§ About this exercise
Only the lines from the one holding "So, he put on" to the end of the data should be echoed, exactly as they appear, minus the pictures.

━━━ Supplied material ━━━

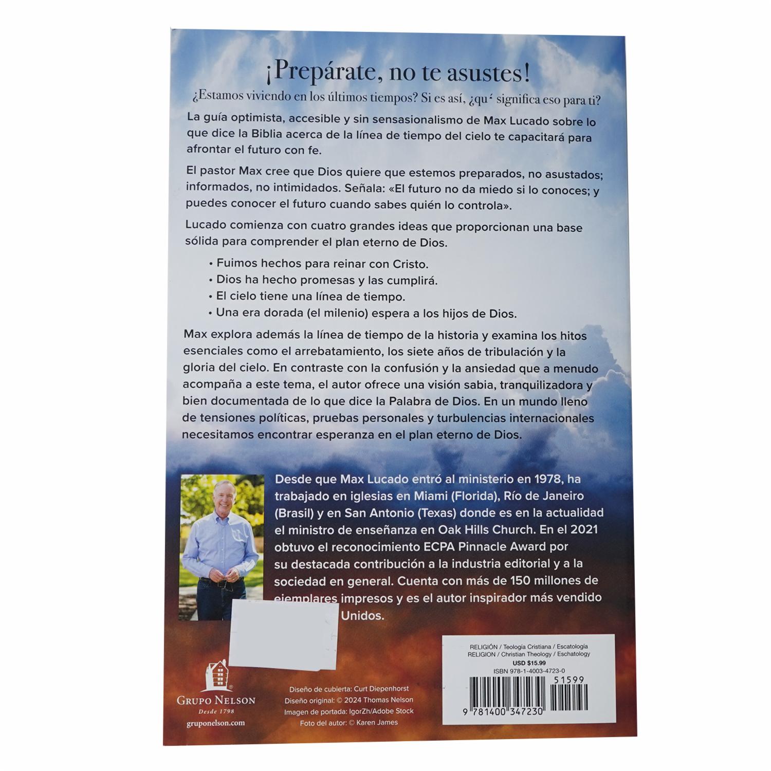 - ¿Estamos viviendo el final de los tiempos? Si es así, ¿qué significa eso para mí? La guía optimista, accesible y no sensacionalista de Max Lucado sobre lo que dice la Biblia acerca de la línea temporal del cielo capacitará a los lectores para afrontar el futuro con fe
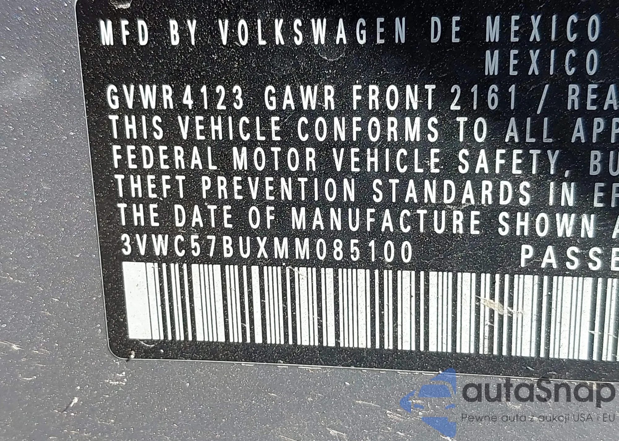 • VIN 3VWC57BUXMM085100
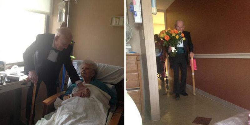 So, he put on a tuxedo and walked into her hospital room with chocolates and a bouquet of flowers.
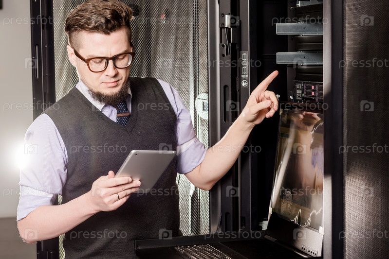 Молодой инженер в центре обработки данных

━━━

§ Answer for this exercise
 So, he put on a tuxedo and walked into her hospital room with chocolates and a bouquet of flowers.
 Молодой инженер в центре обработки данных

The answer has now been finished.